The role of the Resource Co-ordinator is one that is *not* designed to be just another school administrator.  In other words, when the Resource Co-ordinators  really do their job, they are outwardly focused toward the resources in the community that partner with the school/teachers/parents/children and *not* inwardly focused towards internal CPS matters and/or functioning as de facto assistant principals. 

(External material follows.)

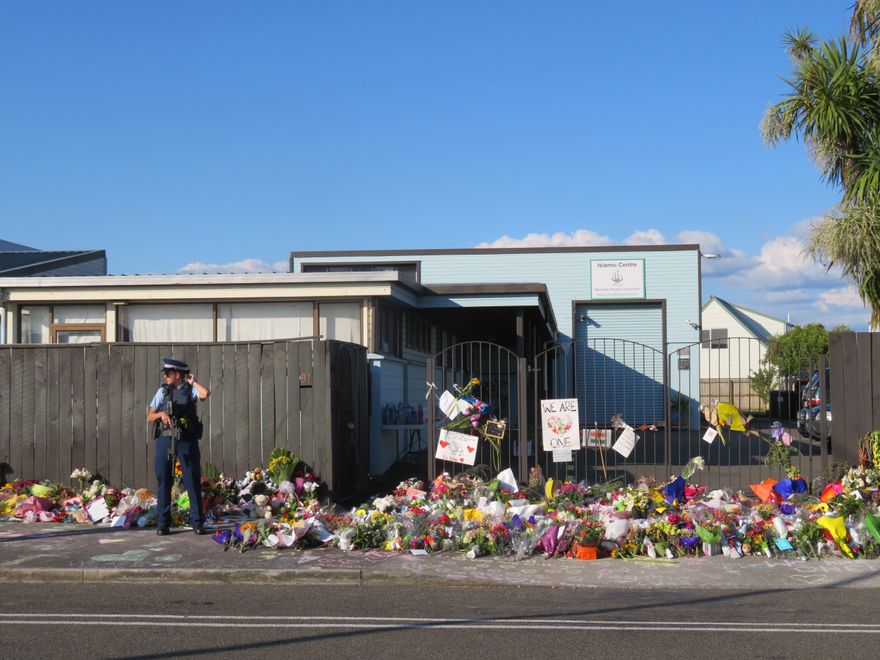 The footpath outside the Islamic Centre at 81 Cook Street, Palmerston North, covered in flowers, as a tribute to the victims of the Christchurch's terror attack on Friday 15 March 2019. At the time armed police guarded all mosques around New Zealand.

From what I have seen, far and away the most effectiv Resource Co-ordinators are the ones that work for the Community Learning Center Institute (CLCI).  See http://clcinstitute.org/.   
CLCI is the group that employs P.G. Sittenfeld and holds the contract to run the CLC program at six (6) CPS PreK-8 or PreK-6 schools -- including Oyler and Roberts Paideia.  

This means that the overwhelming majority of CLCs housed in Cincinnati Public School elementary schools are *not* managed by the CLCI.  These CLCs are managed either directly by Resource Co-ordinators hired directly by CPS or Resource Co-ordinators who  employed by various nonprofits (the YMCA or Boys Clubs/Girls Clubs) who have contracts to manage many of the CLCs in the Cincinnati district. 

It is my view that the CLC system in Cincinnati is essentially stuck today -- not really moving ahead.  This is happening, I would argue, because (with a handful of exceptions) of the weaknesses in the backgrounds, training, supervision and overall quality of the Resource Co-ordinators who run the CLCs in those CPS schools where the Resource Co-ordinators are either direct CPS hires or employees of the Boys  Club/Girls or the YMCA.   

If and when CityBeat interviews Mr. Sittenfeld again, I hope you will ask him about this.  Ask him what is the key to hiring a good prospect for a Resource Co-ordinator job, how those people need to be trained and supervised, and how CPS can eliminate the significant number of "bad apples" from the current crop of Resource Co-ordinators who work in the CPS elementary schools.